* Material provided *

:::::

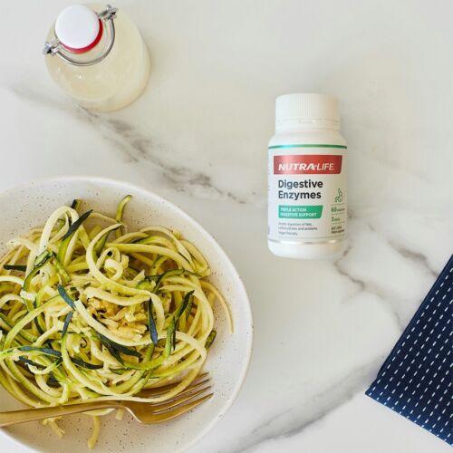 This triple action formula utilises a combination of 6 enzymes and warming herbs to support the body in breaking down macronutrients as well as the lactose in dairy. Taken regularly, Nutra-Life Digestive Enzymes may help to:
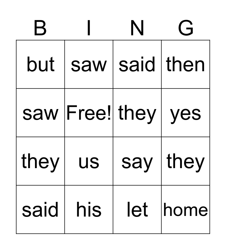 This bingo card has 16 words: his, they, said, but, they, saw, say, let, saw, Free!, said, then, us, yes, they and home.
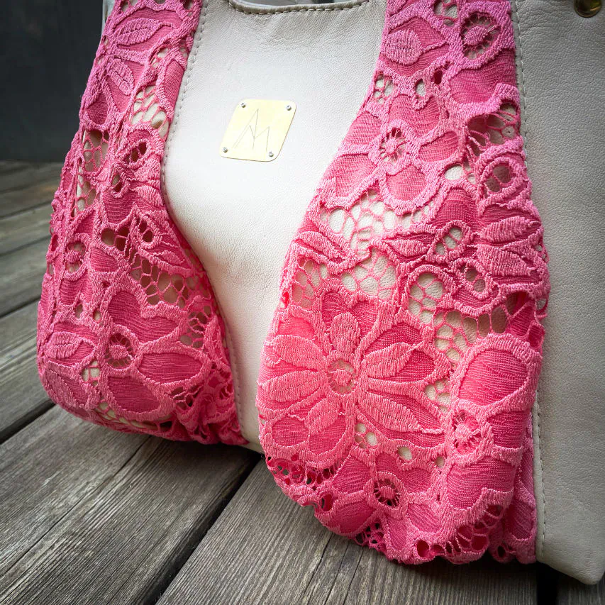 J'ai cherché un cuir qui ressemblerait à ma peau en tonalité. Là encore dans cette série il ne sera pas upcyclé, n'ayant pas trouvé mon bonheur chez mes sources habituelles. La dentelle et la doublure sont issues d'un rachat à une couturière.
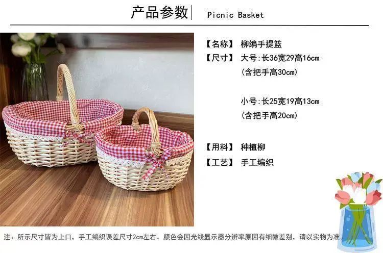 | Description | 柳藤编网红月子花篮野餐篮鸡蛋花篮零食提篮摄影鲜花手提水果篮子;;颜色分类:原木色麻布大号 |
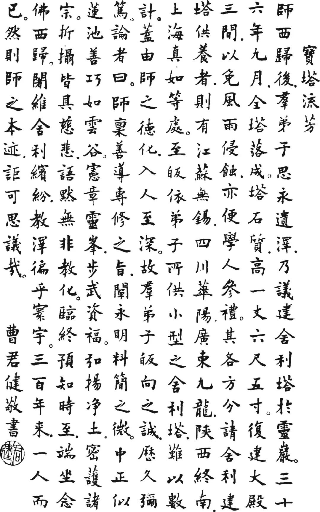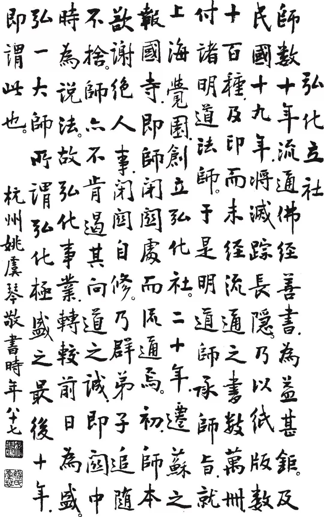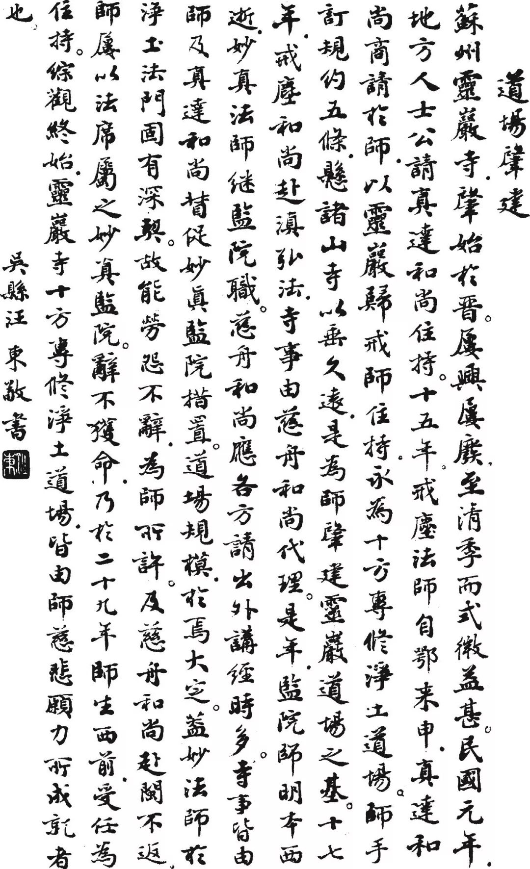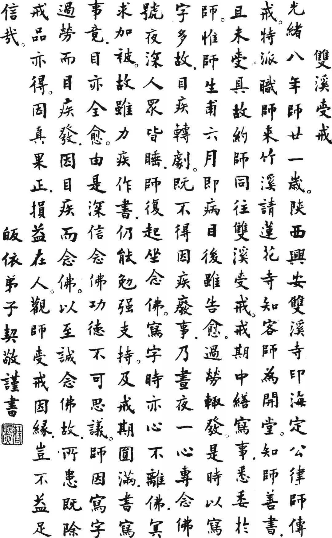 清光绪二十年,余在普陀山。法雨寺化闻和尚,敦请印光大师讲经,得与识面。讲经事竣,大师即在寺阅藏,历二十余年,日对一编,足不出户限,故诸经之奥,靡不贯通。日常行持,抱定一句南无阿弥陀佛,盖因深通教义,故益重视念佛法门。佛所说法,无一法不是疗治众生之病苦,念佛法门,名为阿伽陀药,总治一切病,但能信心坚固,愿行深切,决定得到圆满利益。如大师之真实行持,脚踏实地,禅讲兼通,而归宗于净土,昌明大法,密护诸宗,常以诸恶莫作,众善奉行,敦伦尽分,闲邪存诚,深信因果,老实念佛等语教人,不标新,不玄奇,所谓道在平常日用间,其一生之功行事迹,及本身成就,昭昭在人耳目,不待余之饶舌也。兹者,其弟子灵岩妙真和尚,及了然、德森、廉音、如岑诸法师,周孟由、吴谷宜、费范九、袁伯庸、窦存我、游有维众居士,为纪念大师,传播遗教,以宏扬净土,特聘沪上名画家唐云、孔小瑜,合作大师画传廿五幅,每幅之后,系以略传,分请名书家书写,由灵岩山寺制印成册,广为流通。窃以归依佛祖,要假型仪,即像道存,藉起信愿。盖凡心陋劣,未能触途成观,正法之时,已因见相而发心,像季之中,更须见像而造福。昔阿难白佛言:我见如来三十二相,胜妙殊绝,形体映彻,犹如琉璃,是以渴仰,从佛剃落。以此观之,阿难佛弟,尚观胜相而发心,况凡愚者乎!吾国各宗历代祖师,都有画像、或塑像流传,然未若今此画传,以生华之笔,用色彩写真,将大师一生事迹,跃然表现於纸上,是亦现代艺林之大观,而我佛门之盛事也。大师弟子遍寰宇,多服膺其教言,而未亲其道范,今有此画传流通,使天下后世,永得瞻仰,如同亲炙,则大师之遗教,亦永垂不朽矣!惟愿诸仁者,由影得心,由心得道,闻画说法,共证真常,同生净土焉。
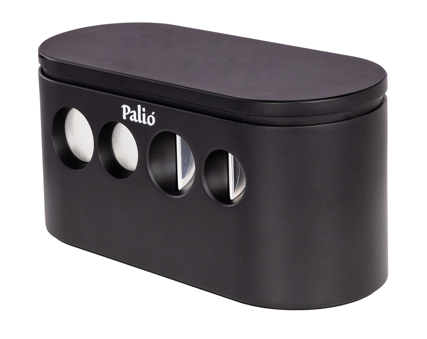 Echoing the timeless silhouette of the original Palió cutter, the Quad Tabletop Cutter redefines convenience and versatility with four integrated cutting options positioned along the front of the unit. Cigar enthusiasts have the choice of two straight cuts (52 & 60 ring-gauge) and two V-cuts (52 & 60-ring gauge), engineered to accommodate cigars up to 64-ring gauge.

:::::

* What is required *
A clean copy is needed of the lines in the listing above from the one with "This bingo card" through the one with "Description | 柳藤编网红月子花篮野餐篮鸡蛋花篮零食提篮摄影鲜花手提水果篮子;;颜色分类:原木色麻布大号 |", exact in every word and free of pictures.

* Task result *
 This bingo card has 16 words: his, they, said, but, they, saw, say, let, saw, Free!, said, then, us, yes, they and home.
 J'ai cherché un cuir qui ressemblerait à ma peau en tonalité. Là encore dans cette série il ne sera pas upcyclé, n'ayant pas trouvé mon bonheur chez mes sources habituelles. La dentelle et la doublure sont issues d'un rachat à une couturière.
 | Description | 柳藤编网红月子花篮野餐篮鸡蛋花篮零食提篮摄影鲜花手提水果篮子;;颜色分类:原木色麻布大号 |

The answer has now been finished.